§ **Task**
Starting at the first line of the listing below, repeat each line up to and including the one containing "Выразительный характер этого". Leave out pictures.

§ **Excerpted data**
┌────────
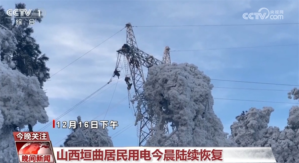寒冬里,有人選擇向寒風(fēng)逆行,用自己的堅(jiān)守給千家萬戶送去溫暖。13日傍晚,受降雪降溫天氣影響,山西省運(yùn)城市垣曲縣的4條輸電線路發(fā)生故障,導(dǎo)致全縣停電。經(jīng)過70多個(gè)小時(shí)搶修,截至12月17日7點(diǎn),受雨雪冰凍災(zāi)害影響的山西12座變電站已全部恢復(fù)供電,垣曲當(dāng)?shù)鼐用裼秒娨仓鸩交謴?fù)。
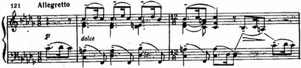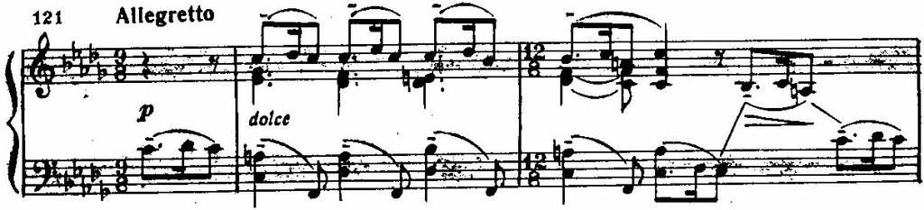 Выразительный характер этого мотива трудно определить из-за его жанровой «многоосновности». Тут есть элементы скерцозности и танцевальности, вместе с тем в мелодии настойчиво звучит интонация вздоха, скорбной жалобы. Музыка проникнута настроением смутной, безотчетной тревоги. Если можно говорить о присущих этой пьесе чертах скерцозности, то в романтическом понимании данного термина, подразумевавшем не столько веселую шутку, сколько причудливое, необычное, порой таинственное, иронически «остраненное».
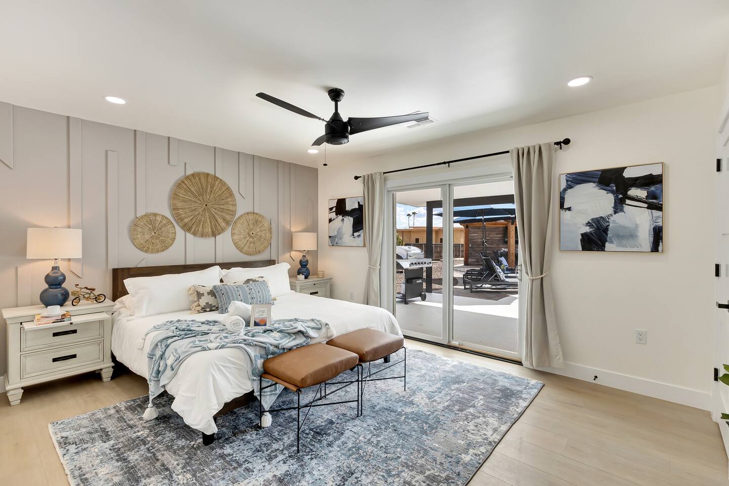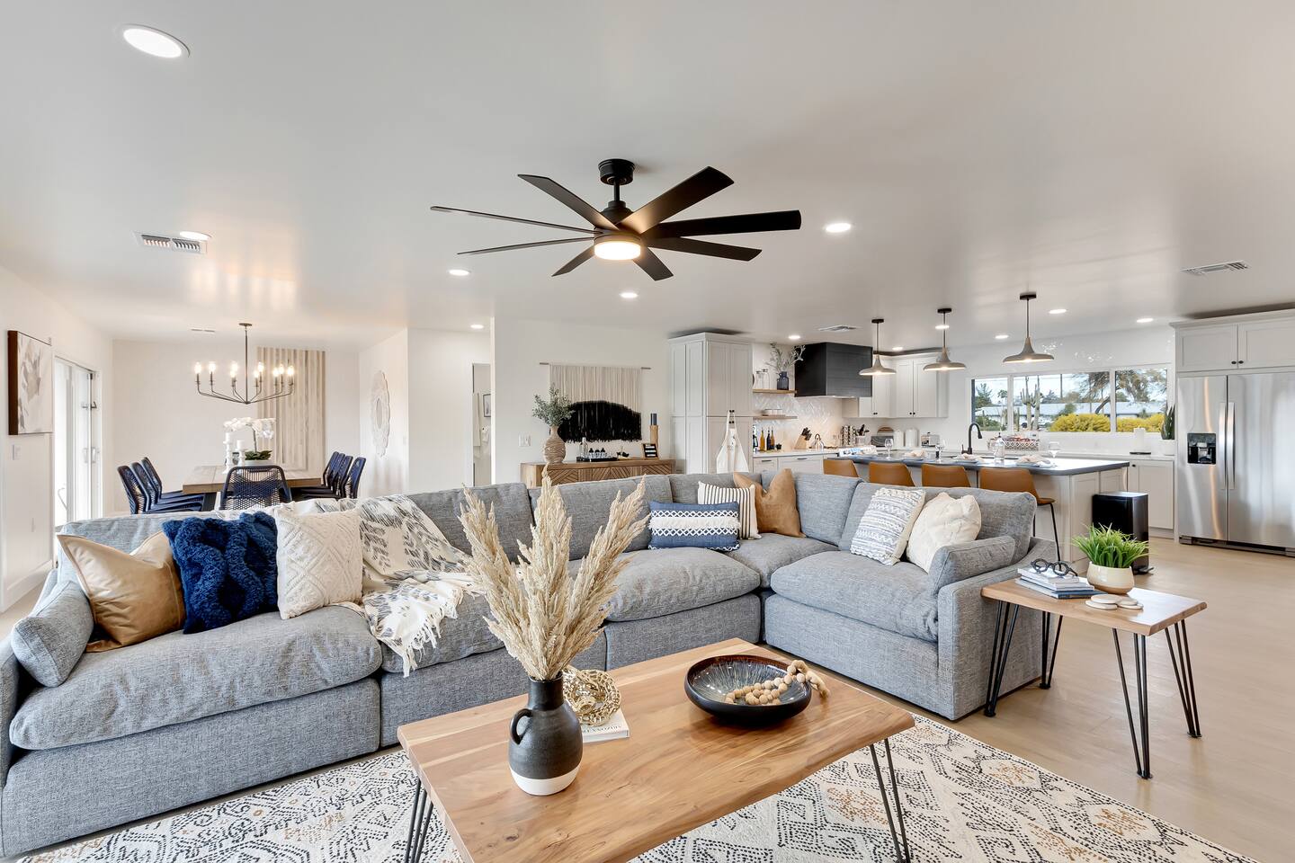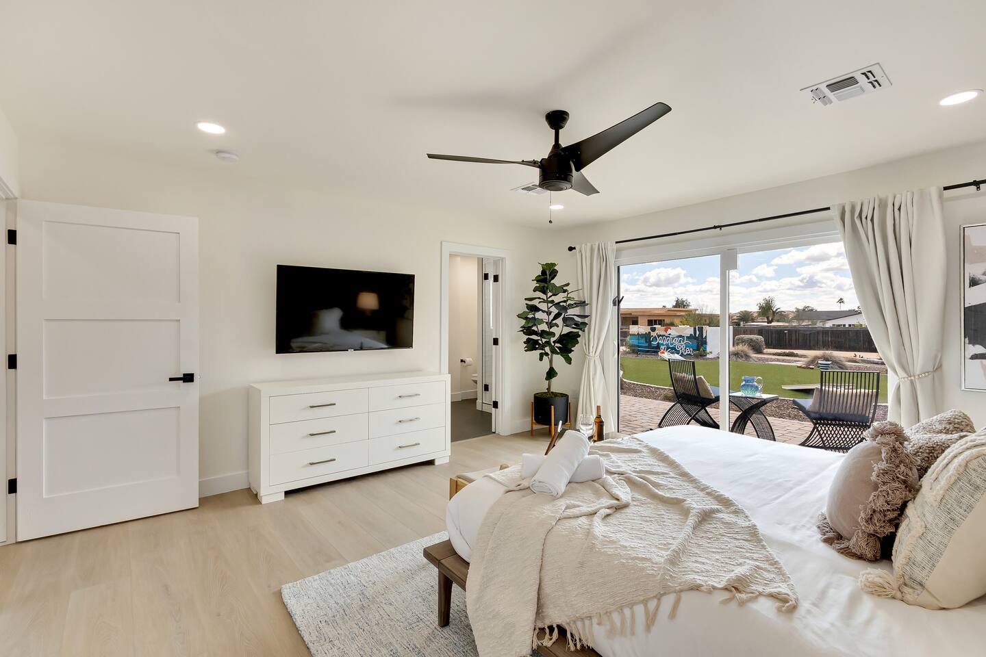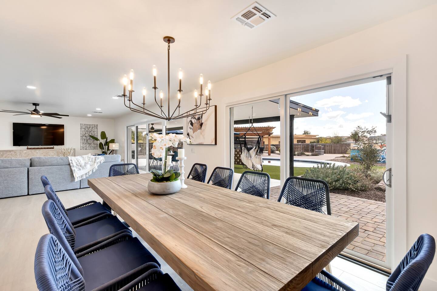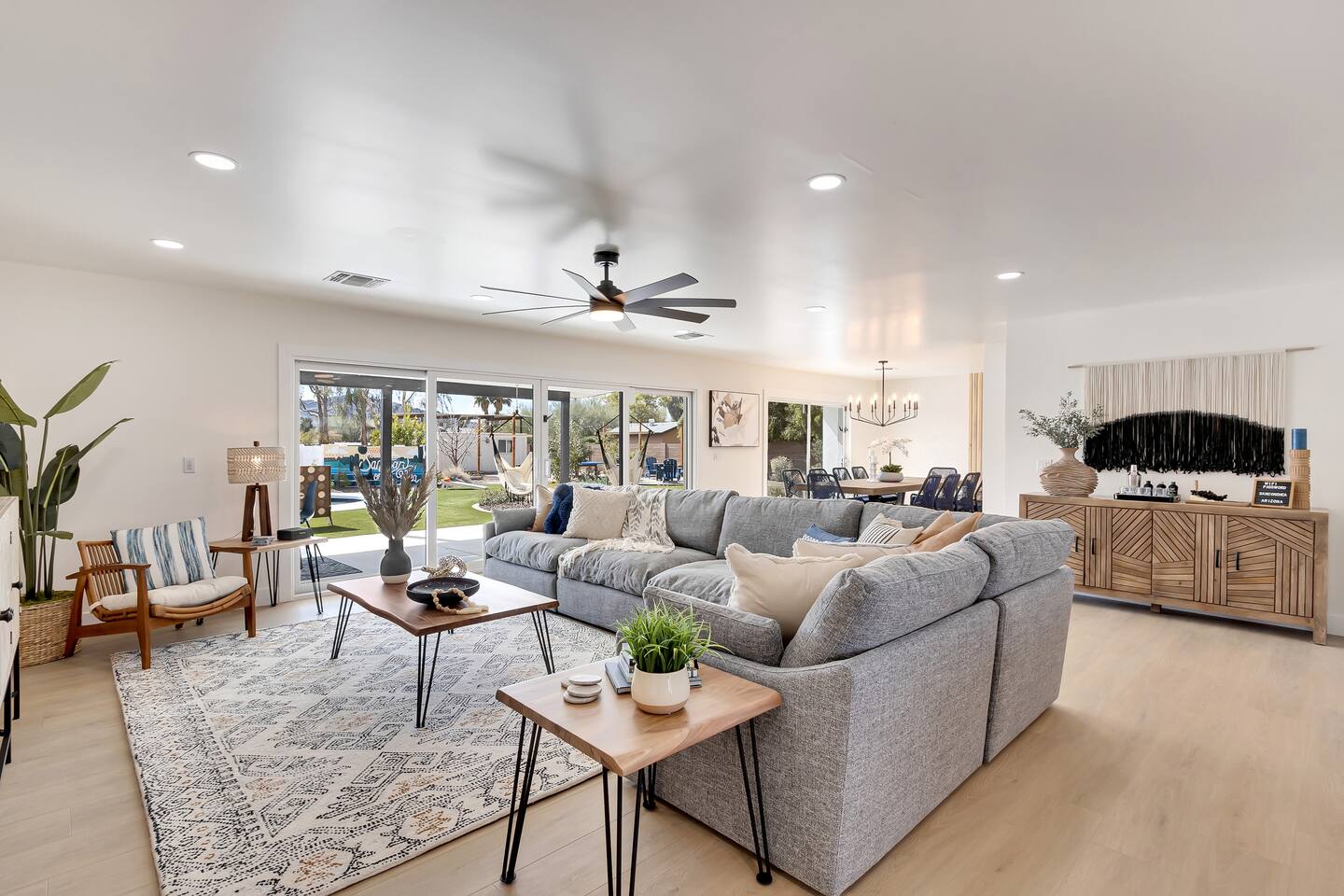 The space Sanctuary on Shea is a family friendly oasis located in Scottsdale. The property is geared towards allowing the whole family to enjoy all the sunshine Arizona has to offer! All game accessories are included with the property to enjoy * Private Pool - Child safety fence available for install upon request * Heated Pool - Available at $100/night * Hot tub * Pickleball court * Basketball court * Outdoor Ping Pong * Bocce Ball Court * Corn Hole * Horseshoe Toss * Yard Dice * Poolside Grill * Gas Firepit * Games The home is immaculately cleaned and includes all of the essentials to allow for a comfortable and enjoyable stay! Including but not limited to the items below: o Poolside Gas Grill o Cornhole Boards/Bags o All games accessories are provided o Outdoor patio table o Outdoor play area o Toaster o Drip Coffee Maker - filters and starter packs of coffee & creamer are provided o Microwave o Blender o Cooking Essentials o Pots & Pans o Silverware o Plates, Bowls, Glasses etc. o Washer/Dryer o Detergent o Board Games o Iron o Hangers o Hair Dryer o Shampoo, Conditioner and Body Wash o Bed Linens o Extra pillows and Blankets o Family owned - nearby for immediate assistance if needed Primary 1 - King size bed Primary 2 - King size bed Bedroom 3 - King size bed Bedroom 4- King size bed Bedroom 5- Two full bunk beds *All bedrooms have an ensuite bathroom* PLEASE NOTE: Pool Heating is available for $100 per night of your reservation. The pool will be heated and ready to enjoy at our time of check in time. Child safety pool fence available for installation during your stay. Minimum 7 day advance notice is needed prior to your check in date. House is monitored with exterior cameras for guest safety and security. Please contact Nick, our property manager at Copper Valley RnR Vacation Rentals, for any additional questions.
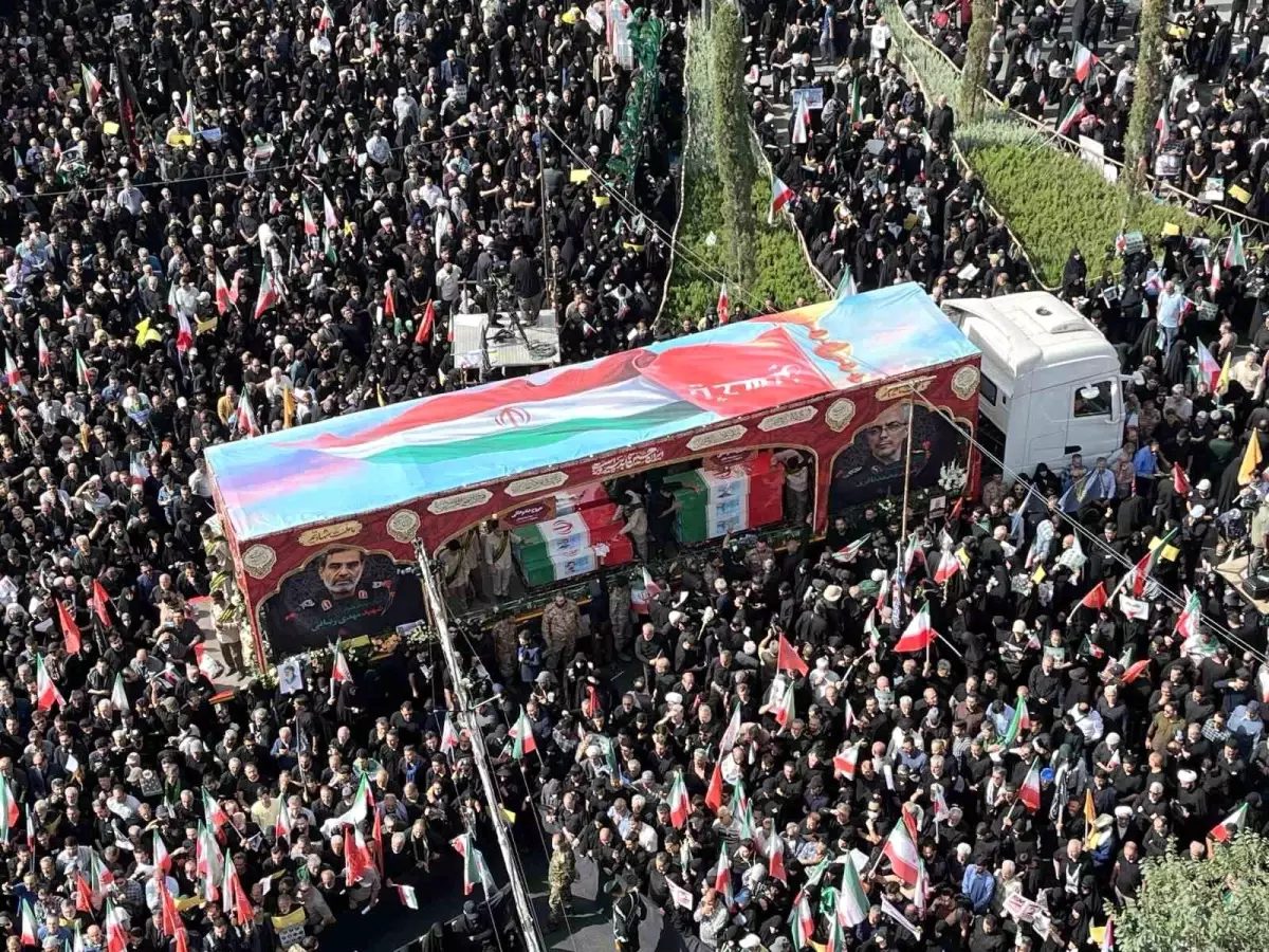 İsrail’in 13 Haziran’da İran’a karşı başlattığı ve 12 gün süren saldırılarda hayatını kaybeden, aralarında İran Genelkurmay Başkanı Muhammed Hüseyin Bakıri, Devrim Muhafızları Komutanı Hüseyin Selami ve Devrim Muhafızları Hava ve Uzay Kuvvetleri Komutanı Tuğgeneral Emir Ali Hacızade’nin yanı sıra birçok üst düzey komutan, nükleer bilim insanı, kadın ve çocuğun da bulunduğu 60 kişi için başkent Tahran’da cenaze töreni düzenlendi. Törene, İran Cumhurbaşkanı Mesud Pezeşkiyan, Dışişleri Bakanı Abbas Arakçi, İran Dini Lideri Ayetullah Ali Hamaney’in danışmanı Ali Şemhani, Kudüs Gücü Komutanı İsmail Kaani, Meclis Başkanı Muhammed Bakır Kalibaf ve çok sayıda siyasi ve askeri yetkili katıldı.
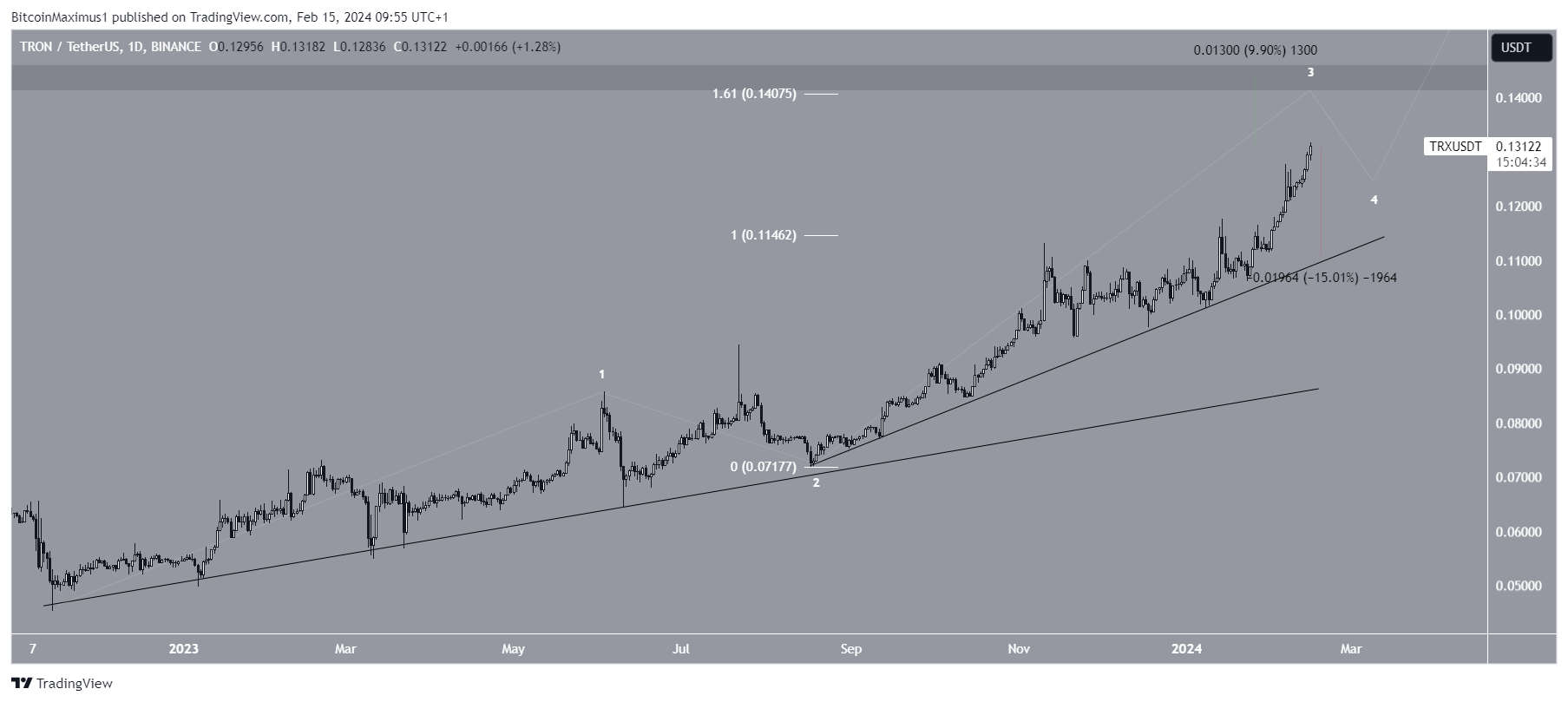 Als golf één en drie een 1:1.61 ratio krijgen, kan dit leiden tot een high van $0.140, 10% boven de huidige koers. Dit zou TRX dicht bij zijn top van $0.181 in 2021 brengen.
└────────
§ **The answer**
寒冬里,有人選擇向寒風(fēng)逆行,用自己的堅(jiān)守給千家萬戶送去溫暖。13日傍晚,受降雪降溫天氣影響,山西省運(yùn)城市垣曲縣的4條輸電線路發(fā)生故障,導(dǎo)致全縣停電。經(jīng)過70多個(gè)小時(shí)搶修,截至12月17日7點(diǎn),受雨雪冰凍災(zāi)害影響的山西12座變電站已全部恢復(fù)供電,垣曲當(dāng)?shù)鼐用裼秒娨仓鸩交謴?fù)。
 Выразительный характер этого мотива трудно определить из-за его жанровой «многоосновности». Тут есть элементы скерцозности и танцевальности, вместе с тем в мелодии настойчиво звучит интонация вздоха, скорбной жалобы. Музыка проникнута настроением смутной, безотчетной тревоги. Если можно говорить о присущих этой пьесе чертах скерцозности, то в романтическом понимании данного термина, подразумевавшем не столько веселую шутку, сколько причудливое, необычное, порой таинственное, иронически «остраненное».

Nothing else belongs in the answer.